Из нашей жизни уходит поэзия

Почти каждый божий день – еду ли в метро, шагаю ли по улицам – шепчу стихи наших классиков: то Лермонтова, то Пушкина, то Есенина, но в последние годы, пожалуй, чаще всего Заболоцкого. Он, конечно, не столь знаменит и читаем, как наши поэтические великаны, но вот запал мне в душу его «Можжевеловый куст» и то и дело слетает с губ… Ничего такого у меня с можжевельником этим не связано, но стихи-то на самом деле о другом: об утрате, горечи любви…

…Я заметил во мраке древесных ветвей /Чуть живое подобье улыбки твоей.

И вот что подумал. Ведь наверняка бывают моменты, когда я единственный во всей Вселенной произношу стихи Заболоцкого, вступая с ним в некую духовную перекличку. С Пушкиным, Лермонтовым, Пастернаком, это, конечно, сложнее – их, несмотря даже на резкий спад интереса к поэзии, читают и знают до сих пор многие, а вот с Заболоцким такое абсолютное уединение, думаю, возможно. И от одной этой мысли еще больше дух захватывает, – что ты один из всего человечества в  эту минуту соприкасаешься с душой давно ушедшего огромного поэта и как бы вызываешь его к жизни.

Ну да. Ведь сказал же об этом Пушкин в своем «Памятнике», что весь он не умрет и будет славен, доколь в подлунном мире жив будет хоть один пиит. Ну, я-то не пиит, но в настоящих стихах кое-что смыслю, способен прочувствовать их магию. И пока есть такие читатели, слушатели, будут жить и поэты и вообще настоящие творцы.

У меня, например, язык не повернется сказать, что Высоцкий мертв.

Но вот вопрос: сами-то они на том свете чего-то такое ощущают  – вот эту свою дальнейшую земную жизнь, любовь к ним потомков? Сомневаюсь. Навряд ли.

Опять же по Пушкину – душа поэта остается  «в заветной лире». Не более того.

Так что, выходит, продолжение жизни творца и прежде всего, наверно, поэтов, музыкантов, чьи вещи напрямую взывают к сердцам людей, – только в нас.

Нам они дарят и ни с чем несравнимое удовольствие, и очищение, и возвышение над суетой и мерзостями окружающей жизни… Много чего хорошего!  

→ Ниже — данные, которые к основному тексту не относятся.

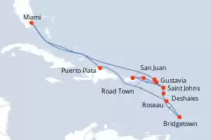 Antigua e Barbuda, Repubblica dominicana, Portorico, Regno Unito, Stati uniti, Francia, Barbados, Dominica Itinerario: San Juan , Road Town , Saint Johns , Gustavia , Road Bay , Miami , Puerto Plata , Roseau , Bridgetown , Deshaies , Saint Johns , San Juan Pensione completa EXPLORA I 16 giorni Suite San Juan 05/02/2026 da 6120 € Bevande Premium Incluse Wi-Fi Incluso Servizio di bordo incluso Una bottiglia di champagne di benvenuto inclusa Crociera Ultra Lusso Pensione completa Vedere le offerte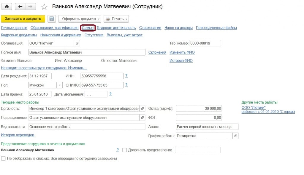 В программе "1С: Зарплата и управление персоналом 8, ред. 3.0" такая функция есть, поэтому пользователю достаточно заполнить в карточке сотрудника сведения о составе семьи.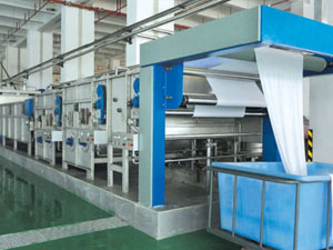 2、 汽蒸10-15分鐘,平幅水洗,低張力運(yùn)行,保證織物門幅、克重穩(wěn)定。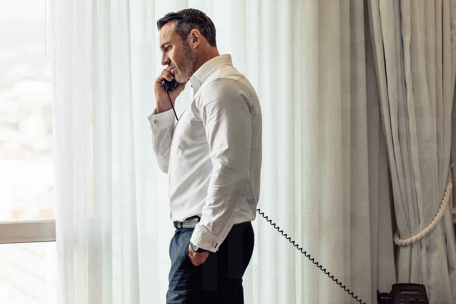 Businessman in formals talking over landline phone. Handsome businessman making call from hotel room.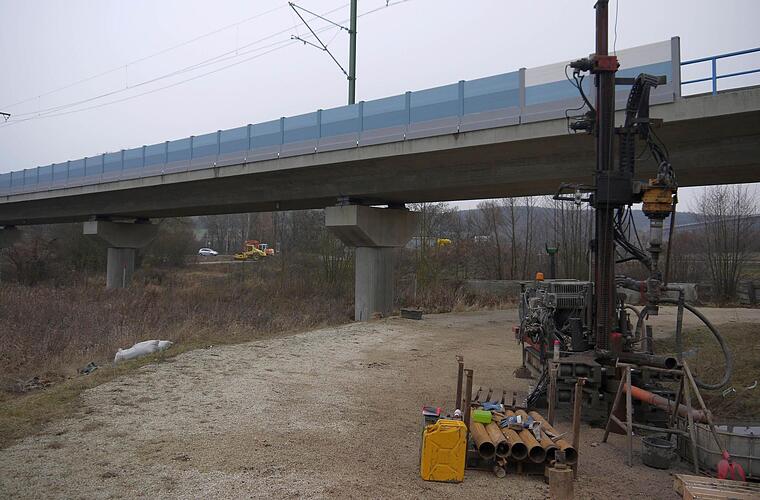 Bei Kontrollen im Rahmen der inzwischen abgeschlossenen Testfahrten hat die Bahn festgestellt, dass sich einer der Pfeiler tiefer als vorgesehen in den Boden abgesenkt hat. Deshalb rücken im Januar noch einmal die Baumaschinen an. Was dann gemacht wird, erklärte Drescher laienverständlich: "Der Pfeiler wird mit einer Betonplombe angehoben und stabilisiert."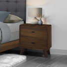 Add charm and functionality to your bedside with this elegant 2-drawer nightstand, featuring a warm walnut finish on all sides.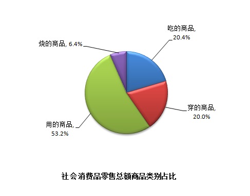 分商品类别看,上半年吃、穿、用、烧的商品零售额分别为1250.57亿元、1227.81亿元、3272.14亿元和392.78亿元,分别增长5.3%、17.5%、5.2%和8.3%,分别占社会消费品零售总额的20.4%、20.0%、53.2%和6.4%。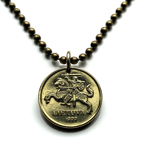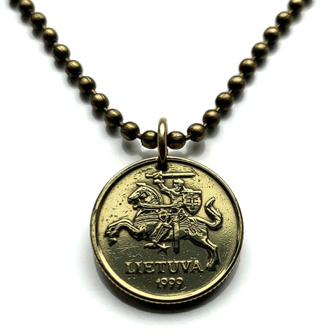 1999 Lithuania Lietuva 10 Centu coin pendant Vytis horse armored knight Vilnius medieval Lithuanian horseback armor sword Vityaz n002028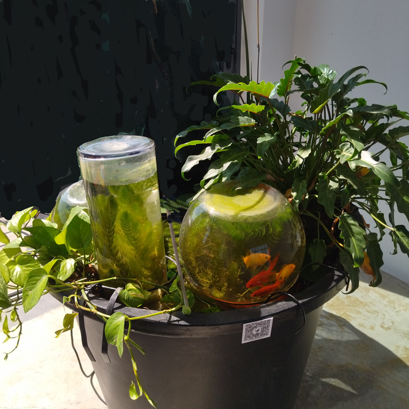 - QR code linking to real-time tank metrics (pH, O₂ levels)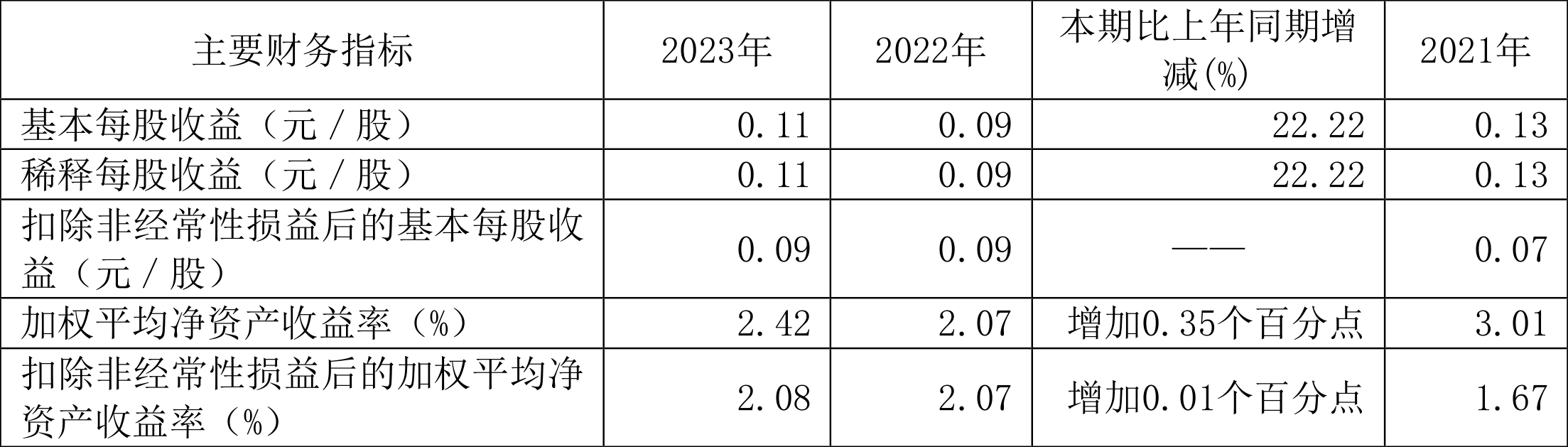 数据显示,2023年公司加权平均净资产收益率为2.42%,较上年同期增长0.35个百分点;公司2023年投入资本回报率为2.45%,较上年同期增长0.35个百分点。
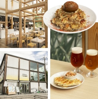 鶴間公園内の開放感あふれるカフェ - 鶴間公園のクラブハウス棟にある、使い勝手のいいカフェ。常時6種類を揃える生クラフトビールが人気で、ほとんどがテイクアウト可能なフードメニューを公園で楽しむ方も多いそう。店内では、地域の作り手たちによるマルシェや親子向けのイベント、生演奏が楽しめるジャズイベントなども開催。地域のコミュニティを支える場としても機能しています。

Таков и загадочный «Можжевеловый куст» Николая Заболоцкого, изведовавшего и ужас Гулага, и (уже на воле) боль женской измены: Можжевеловый куст, можжевеловый куст/
Остывающий лепет изменчивых уст…

И честно говоря, просто жаль людей, которые не чувствуют, не принимают этих даров. Зато, глядя на ночь, будут жадно слушать по телевизору ор пропагандистов и так называемых политологов.

Впрочем, может, это даже неплохо. Не стоит насаждать поэзию в массы, как политскрепы. Она – для избранных и не терпит ни гламурной тусовки, ни крикливой толпы, ни высокого покровительства.

Вот только избранных этих, увы, становится все  меньше. Тем более пиитов, не считая, конечно, всевозможных стихослагателей.

Так и уйдет через десяток-другой лет в окончательное небытие мой «Можжевеловый куст».

А там, глядишь, и с самим Пушкиным можно будет запросто одному во всем мире пообщаться, если, конечно, захочется.